I agree, Wikisource should be more appealing for external GLAMs.
A small thing we do at it.source is creating simple templates for "donated" books. Ex.
https://it.wikisource.org/wiki/Indice:Manuale_150_ricette_di_cucina_di_guerra.djvu

For the customized CSS, well, that's a general problem of MediaWiki, but also I'm not sure if Wikisource would love to have different layouts for different books. I think branding of a GLAM is important as far as the GLAM itself understands that Wikisource is a "common/public good", a "digital commons", and as you are probably aware the "spirit" of Wikimedia projects is pretty towards neutrality, anonimity, gratuity.
Not saying that "branding" it's bad, but we wiki*edians are kinda sensitive about self-promotion.
I think there's a bit of cultural clash here (but, again, IMHO): maybe it's a thing worth trying.

Aubrey

On Wed, Nov 26, 2014 at 4:06 PM, Ben Brumfield <benwbrum@gmail.com> wrote:
In a separate thread (sorry--digest mode bit me), Dominic wrote:
Many cultural institutions are developing their own crowdsourced transcription
projects. I think Wikisource can be a much more robust platform than these
one-off projects, with a more well-developed community that aggregates the
transcription efforts of texts from many institutions in a single place
with a proven process.
I'm a big fan of Wikisource, and have recommended it, but I don't think that data extraction is the biggest barrier to adoption the GLAM sector faces.  Branding is a much, much bigger deal.  I talked about this the ALA this summer ( http://manuscripttranscription.blogspot.com/2014/07/collaborative-digitization-at-ala-2014.html -- see the slide with a screenshot of Wiksource next to one of Letters 1916, which uses DIY History/Scripto as its platform):

"The first one is is the French-language version of Wikisource. Wikisource is a sister project to Wikipedia that was spun off around 2003 that allows people to transcribe documents and do OCR correction both. This is being used by the Departmental Archives of Alpes-Maritimes to transcribe a set of journals of episcopal visits. The bishop in the sixteenth century would go around and report on all the villages [in his diocese], so there's all this local history, but it's also got some difficult paleography.

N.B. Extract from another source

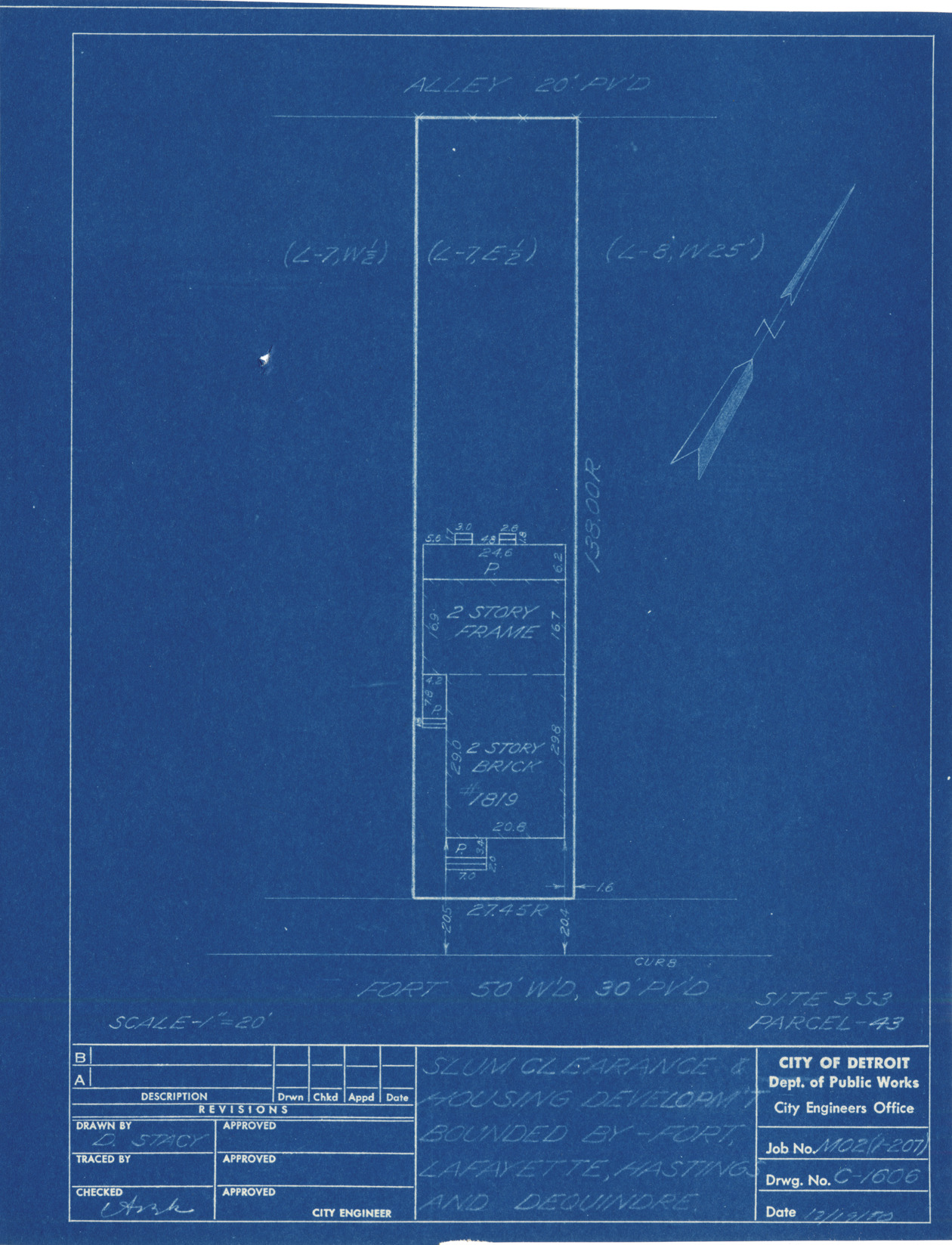 Plot plan for property located on Fort, parcel 43, site 3-S-3. Recorded on blueprint: "Slum clearance & housing developm't bounded by Fort, Lafayette, Hastings and Dequindre."

"So they're using Wikisource, which is a great tool! It has all kinds of version control. It has ways to track proofreading. It does an elegant job of putting together indiviual pages into larger documents. But, do you see "Departmental Archives of Alpes-Maritimes" on this page? No! You have no idea [who the institution is]. Now, if they're using this internally, that may be fine -- it's a powerful tool.

"By contrast, look at the Letters of 1916. [Three sentences inaudible.] This is public engagement in a public-facing site. "

There were a lot of nods in the room, and even more when I revisited the slide in a crowdsourcing workshop a month later.

If an institution were able to attach a custom stylesheet to pages displaying its 'project', if it were able to send users to an attractive homepage for its 'project', showing the project's materials, and recent activity on them, with ways for admins to monitor their volunteers' questions or discussions on talk pages, or announce news -- that would drop that barrier to entry.  At the moment, a GLAM that points its users to Wikisource effectively 'loses' them -- they're sending them off to a different community and a different site that just happens to contain copies of the institution's material, with no easy way for the users to get back to the institution.

That said, think bulk export of transcripts would help, especially if there were an easy way for the institution to match each transcript to the identifier in its own system.  Plaintext may be good enough for e.g. a library that's using a CMS and just wants their docs to be searchable.  I've seen TEI recommended in the past, and while I'm a big fan, I suspect it's of secondary importance.